Have this mind among yourselves, which is yours in Christ Jesus

Christ's humility (Matthew 11:29, 23:12; Luke 14:11, 18:14).

he was in the form of God

As Adam and Eve in paradise, before the fall, since man (John 19:5) was initially made in God's image (Genesis 1:26-27, 5:1; Wisdom 2:23); see also Last Adam and Adam Kadmon.

Typologically, the untilled ground from which Adam was taken (Genesis 2:4-7) parallels the untouched womb from which Christ was born (Matthew 1:18-25, Luke 1:26-36); notice also the Spirit's life-giving role and presence in both passages, as well as both being called sons of God (Luke 3:38).

did not count equality with God a thing to be grasped

Unlike the primordial couple, whose hearts were poisoned by the venom of the snake, before grasping or reaching for the fruit of the tree of knowledge, in their perverted desire to become godlike (Genesis 3:1-6), in a manner befitting fallen angels (Isaiah 14:12-14).

emptied himself

Of man's ancestral pride and selfishness (Matthew 16:24, Mark 8:34, Luke 9:23).

by taking the form of a servant

As opposed to that of a master (Matthew 20:25-27, 23:11; Mark 10:42-44; Luke 22:25-27) or earthly king (Matthew 21:5, John 12:15), contrary to preconceived Jewish expectations of how the Messiah was supposed to be(have).

being born in the likeness of men.
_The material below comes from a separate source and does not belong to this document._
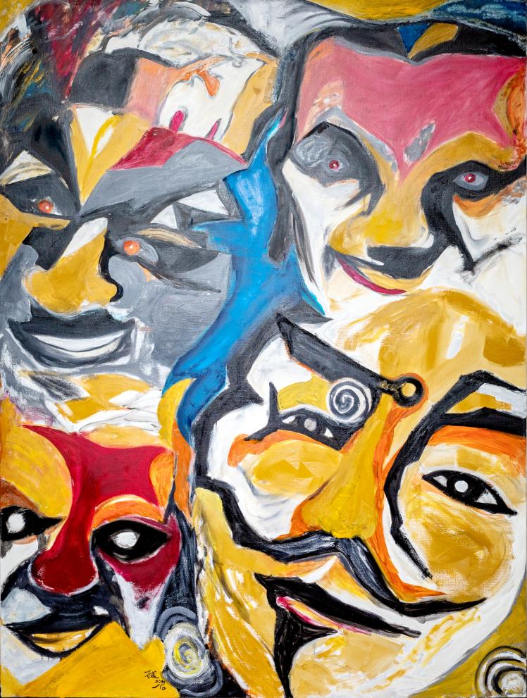 被很多讀者打卡的丁捷巨幅油畫《極樂戲》,該作品曾參加澳門國際藝術雙年展。
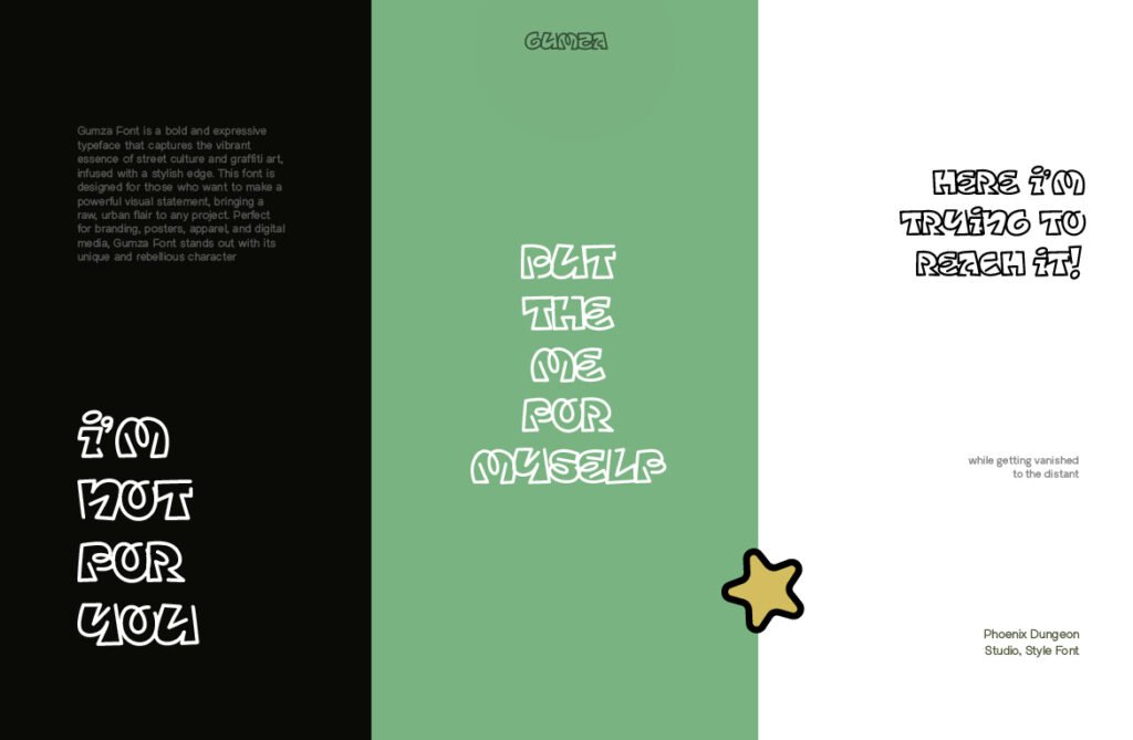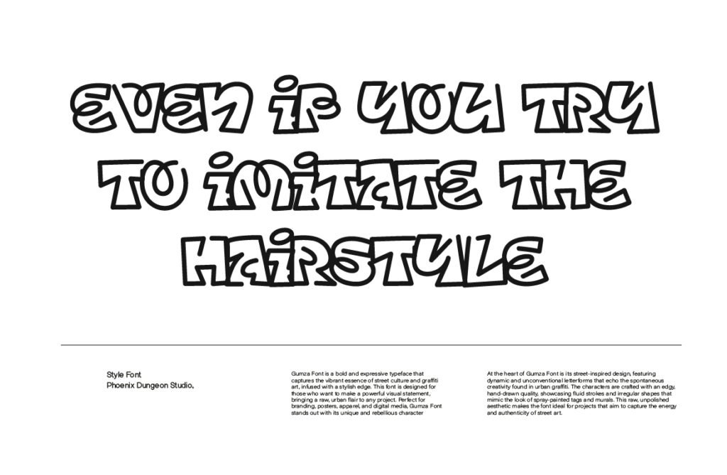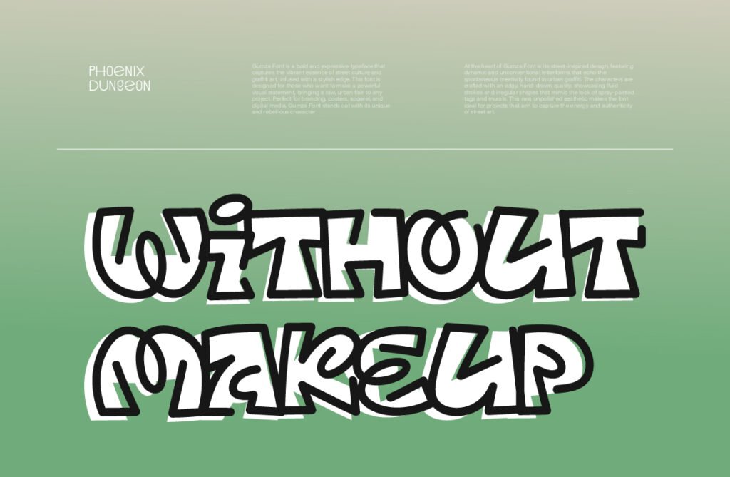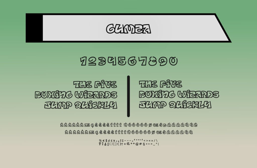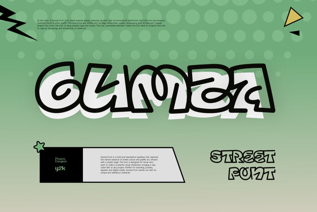 Despite its decorative nature, the font remains highly legible when used at moderate to large sizes, making it ideal for posters, logos, merchandise, and animated content. It supports alternate versions and stylistic sets, allowing designers to customize the look based on theme and context—from sleek and modern to edgy and retro. Gumza works exceptionally well in designs targeting younger audiences, retro-themed brands, or digital-first content that wants to inject nostalgia and playfulness into their work. It pairs beautifully with neon gradients, chrome effects, and pixel-inspired textures, aligning perfectly with current trends in Gen Z aesthetics and digital revivalism. Whether used in apparel branding, event promotions, or digital illustrations, Gumza adds a layer of fun and personality that enhances the overall design experience.

And being found in human form

Fallen humanity, when contrasted to its initial paradisiacal state, alluded to earlier (Psalm 82:6-7, Hebrews 4:15).

he humbled himself by becoming obedient to the point of death, even death on a cross

The crucifixion, seen as a harrowing self-sacrifice, in light of Christ's complete obedience (Matthew 6:10, 26:42; Luke 11:2, 22:42).